Il ministro Samuel Roger Kamba ha sottolineato che il controllo dell'Ebola in questo momento non è solo un compito sanitario, ma "una questione che riguarda tutti". Il governo sta lavorando per riprendere il controllo nelle aree instabili, dispiegando squadre di pronto intervento e rintracciando i contatti nei principali centri commerciali come la regione di Mongwalu.
Ebola variante Bundibugyo
Agente eziologico: ceppo del virus Bundibugyo (appartenente al gruppo Ebola).

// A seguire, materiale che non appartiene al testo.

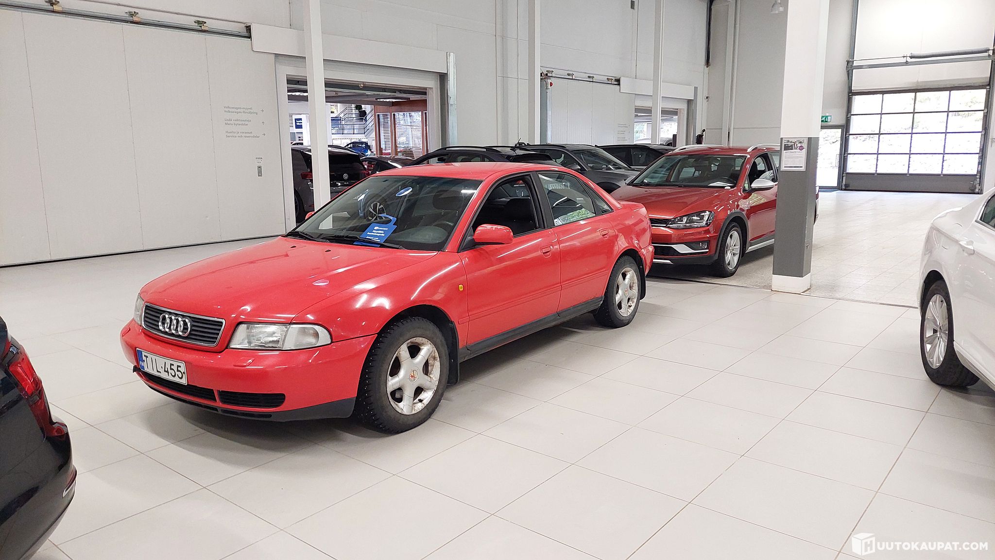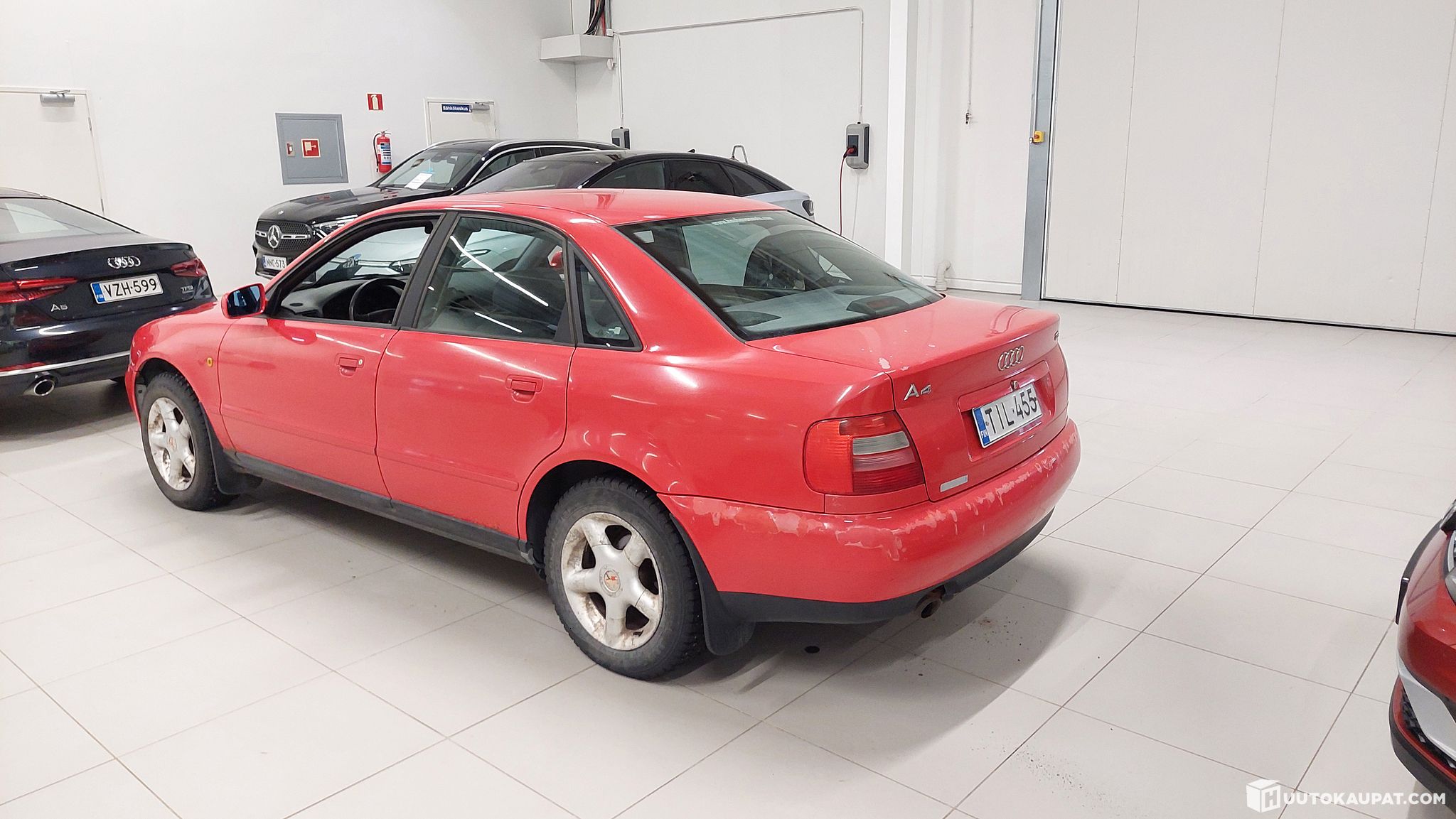 Tästä huutoon legendaariselta 90 luvulta teknistä etumatkaa oleva Audi A4 1,8 sedan manuali vuosimallia -1999 vuoden leimalla! Autosta vasta uusittu jarruputket ja letkut ja jousia pensasuodatin ja jarrunestesäiliö ym noin 2000e edestä joten pitäisi niiltä osin olla kunnossa. :) Tämän jos entisöisi koriltaan vielä siistimmäksi sen saisi 3 vuoden päästä museokilpiin. Molemmat etulokasuojat ottaneet hieman ruostetta, vänkärin puolella pahemmin, uusilokasuoja noin 60-70 e + maalaus. Muuten koriltaan lähinnä lakkavikaa yms ja takaoven ja kuskin etuoven alareunoissa ruosteen alkua. Sisältä auto ikäisekseen ehjä ja siisti lähinnä vaatisi penkkien pesua jos paremman haluaa. Ollut vanhemman miehen ajossa viime vuodet ja tällä ei ole kovin paljoa ajettu viime vuosina, 9 vuodessa noin 10 tkm ajettu. Ihan toimiva auto ja kone käy nätisti ja kytkin pitää hyvin ja vaihteet menee hyvin päälle ja ajolleen vaikuttaa olevan kunnossa, eikä vika valoja pala mittaristossa.

Tasso di mortalità: Molto elevato, in media intorno al 50%.
Sintomi: Febbre alta nelle fasi iniziali; affaticamento, vomito; i sintomi emorragici (sanguinamento) di solito compaiono in seguito.
Trattamento: Attualmente non esiste un vaccino e non è stato autorizzato alcun farmaco specifico per il trattamento.
Modalità di trasmissione: contatto diretto con il sangue o i fluidi corporei di una persona infetta, oppure tramite attività comunitarie (come i funerali).
Raccomandazione: avvisate immediatamente le autorità sanitarie se avvertite sintomi sospetti dopo essere rientrati da una zona colpita.